Bommert et al. investigated 16 high-dimensional data sets and compared 22 feature selection methods in terms of accuracy and computing time. Their findings suggested that there is no group of feature selection methods that outperformed all others; however, some filter methods performed much better on a specific data set47. Similar results were observed also in our study (Table 2.).

One of the simplest techniques to improve machine learning models is to select a better machine learning algorithm. In general, unsupervised feature selection methods are less prone to overfitting48, and have the ability to improve predictions, while discarding redundant data points. Model-agnostic local explanation methods, such as Shapley additive explanations (SHAP) and Local interpretable model-agnostic explanations (LIME), have the potential to overcome interpretability issues by consistently and transparently quantifying the input's effect on prediction across most model types49. However, concerns remain about potential bias, engineered explanations, and the risk of false conclusions made by inexperienced users. Explainability for genotype to phenotype prediction is an emerging area in genomic prediction studies.
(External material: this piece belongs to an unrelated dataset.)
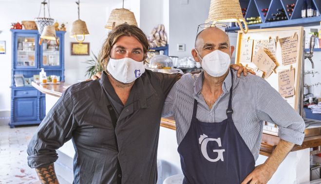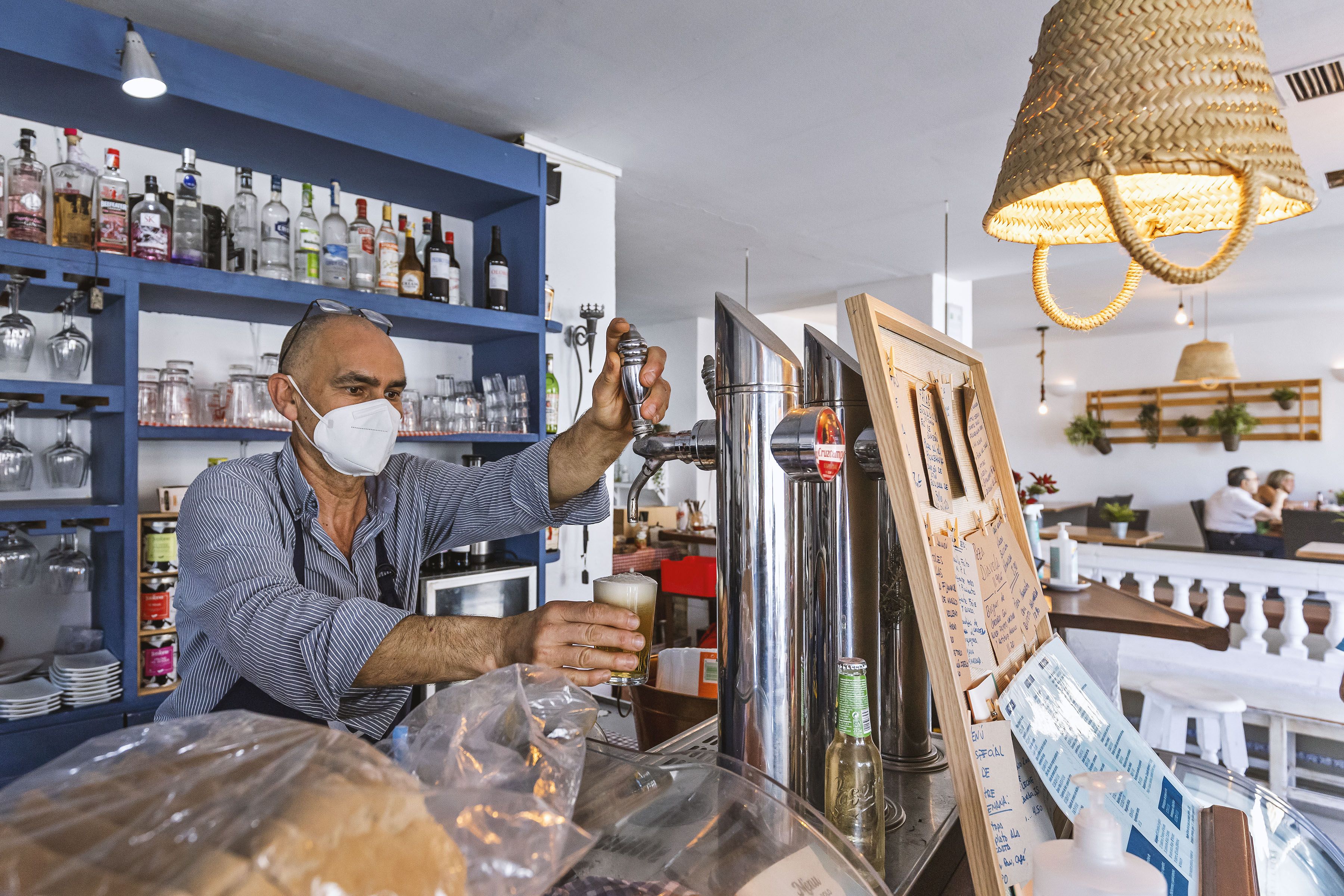 Emilio Cueto forma parte de la tercera generación de hosteleros de su familia. Durante su vida laboral no conoce otra cosa. Tras sus inicios ayudando en el negocio y tras pasar varios veranos en la cocina de la Granja, trabajó en un chiringuito de su primo, el conocido hostelero gaditano Raúl Cueto, luego cursó un FP de Electricidad y con apenas 23 años abrió su primer bar, el Fénix, "que fue un éxito". "Mis padres me enseñaron todo lo que sabían", confiesa Emilio, que lleva las riendas de la Granja Santa Ana desde hace casi 15 años. "Aquí seguimos, cuidando la esencia", comenta.

The interest in explainability and interpretability suggests that new deep learning algorithms may offer enhanced interpretability36. Additionally, interpretable machine learning extracts associations based on the correlation between features and outcomes, but interpretations often aim to suggest possible causal relationships from features, necessitating further investigation to establish causality. Factors like untested variables not included in the genotype data, such as epigenetic or environmental features, may cause both the genomic region and the predicted phenotype to be associated with each other without the genomic region being the causal feature. Therefore, the relationship between the training and testing populations significantly impacts prediction41. The ultimate validation of phenotype prediction models lies in their performance on breeding populations.
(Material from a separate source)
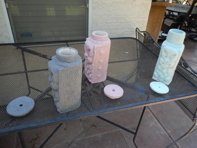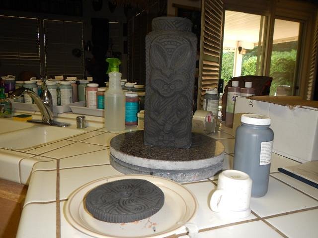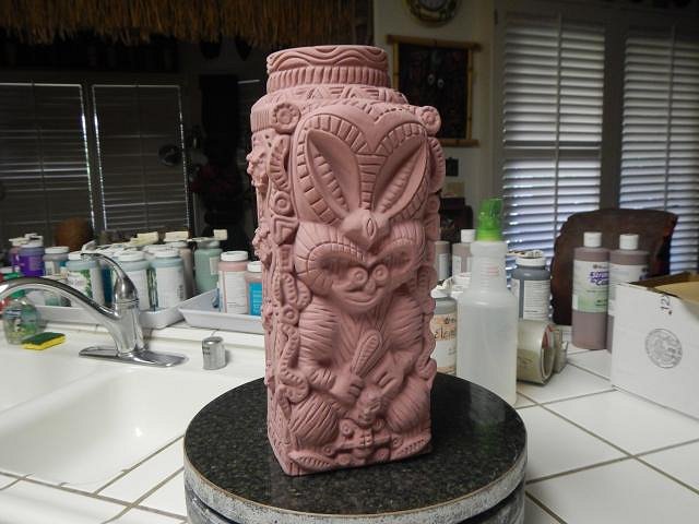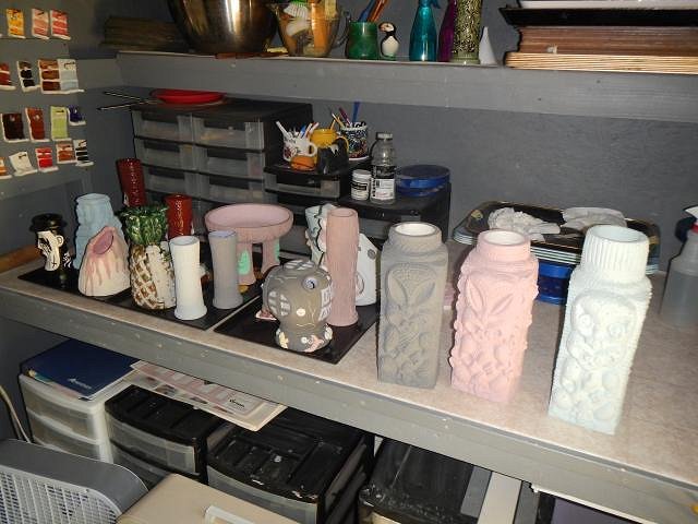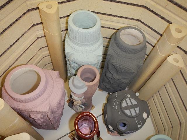 hang10tiki I am so far behind with photos that many I show here are already at their new homes. Yours will be the same. But it's fine to post them when they arrive and then I still post the steps later on. HopeChest as I said to hang10tiki, he'll have his mug way before I post the in-progress photos and the same for you. Your mug is cooling in the kiln and by Saturday morning I will be able to remove it and to check it out. The letting on yours was a killer to do and my fingers are crossed it turns out. ============================= Wish List #7 continues with some of the HUGE Maori lamps. These are not wired so the buyer has a project to finish them off. Here they are: I do projects according on how much room is in the kiln and how tall the piece is. So in addition to the two wished for lamps I did one extra. Each lamp has a removable lid. This makes putting in all the lamp works easier.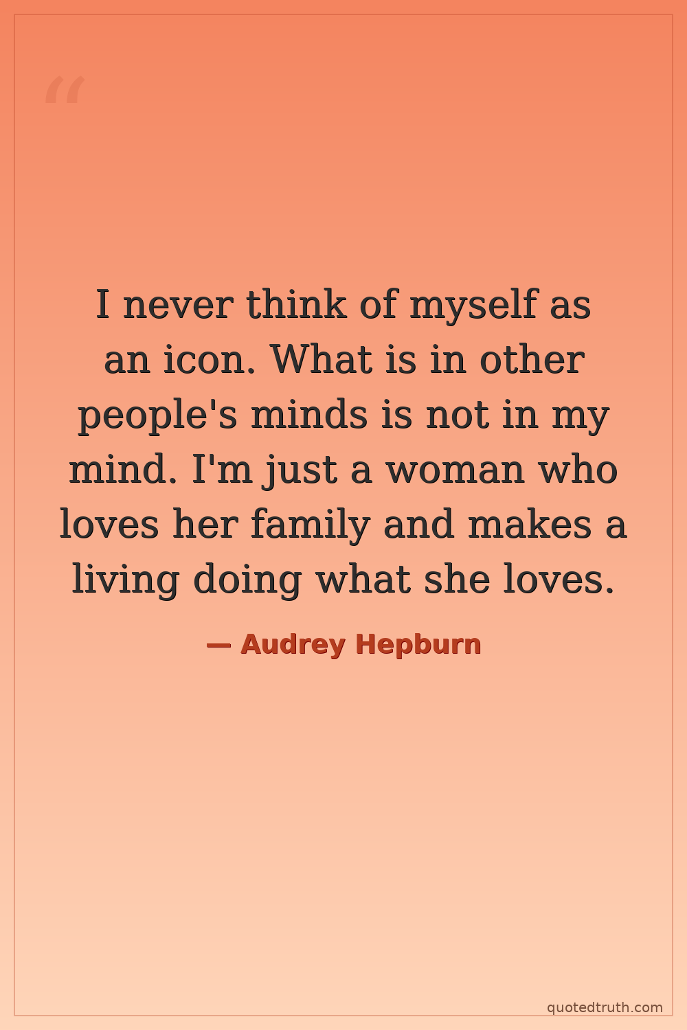 I never think of myself as an icon. What is in other people's minds is not in my mind. I'm just a woman who loves her family and makes a living doing what she loves.

Recognizing the limited impact of a single algorithm on predictive accuracy enhancement, it is imperative to explore ensemble techniques for further improvements. Ensemble learning, which integrates multiple models, proves advantageous in refining machine learning outcomes compared to individual models. This is evidenced by its widespread application in prominent machine learning competitions like Kaggle. Ensemble methods amalgamate diverse machine learning techniques into meta-algorithms, encompassing bagging to diminish variance, boosting to minimize bias, and stacking to elevate predictive performance. Ensemble learning involves the amalgamation of weak machine learning models to construct a more robust one. Strategies such as bagging, boosting, and stacking will be implemented, each serving specific purposes. Bagging addresses overfitting by training multiple instances of the same model on distinct data subsets, boosting handles model weaknesses by assigning higher weights to misclassified instances, and stacking optimizes contributions from various models through a meta-model based on historical performance. Key to this approach is incorporating diverse voting systems, ensemble methods like Random Forests, and feature engineering to introduce diversity and capture varied patterns within the dataset. Ensuring optimal performance involves cross-validation, hyperparameter fine-tuning, and applying regularization techniques to individual models. The integration of these ensemble techniques is anticipated to yield a more robust and accurate predictive model.

Conclusion

In this study, our primary focus was on predicting phenotypes, a pivotal step in Smart-breeding and specialized breeding systems, using soybean branching as a case study. We analyzed 1,918 samples and 42,291 SNPs, comparing 11 non-linear regression AI models and found that Polynomial Regression, SVR, DBN, and Autoencoder excelled in phenotype prediction. Feature importance analysis revealed SHAP as a standout method, particularly for discerning genes with negative contributions. We validated our results through GO analysis, identifying 244 genes using the SVR and SHAP approach and mapped them on the soybean genome view. GO enrichment results supported our predictions. The method developed in this research has broad applicability in phenotype prediction, minor QTL mining, and plant smart-breeding systems, marking a significant contribution to AI-breeding, transitioning from experience-based to data-based breeding, and enhancing breeding program efficiency and effectiveness. It enables integrated software for predicting multiple traits and streamlines the decision-making process, ultimately accelerating improved plant variety development.

Dataset and methods

Dataset

The original genotypic data is from soybase data bank: https://soybase.org/snps/. The SoySNP50K iSelect BeadChip has been used to genotype the USDA Soybean Germplasm Collection50. The complete data set for 20,087 G. max accessions genotyped with 42,509 SNPs is available.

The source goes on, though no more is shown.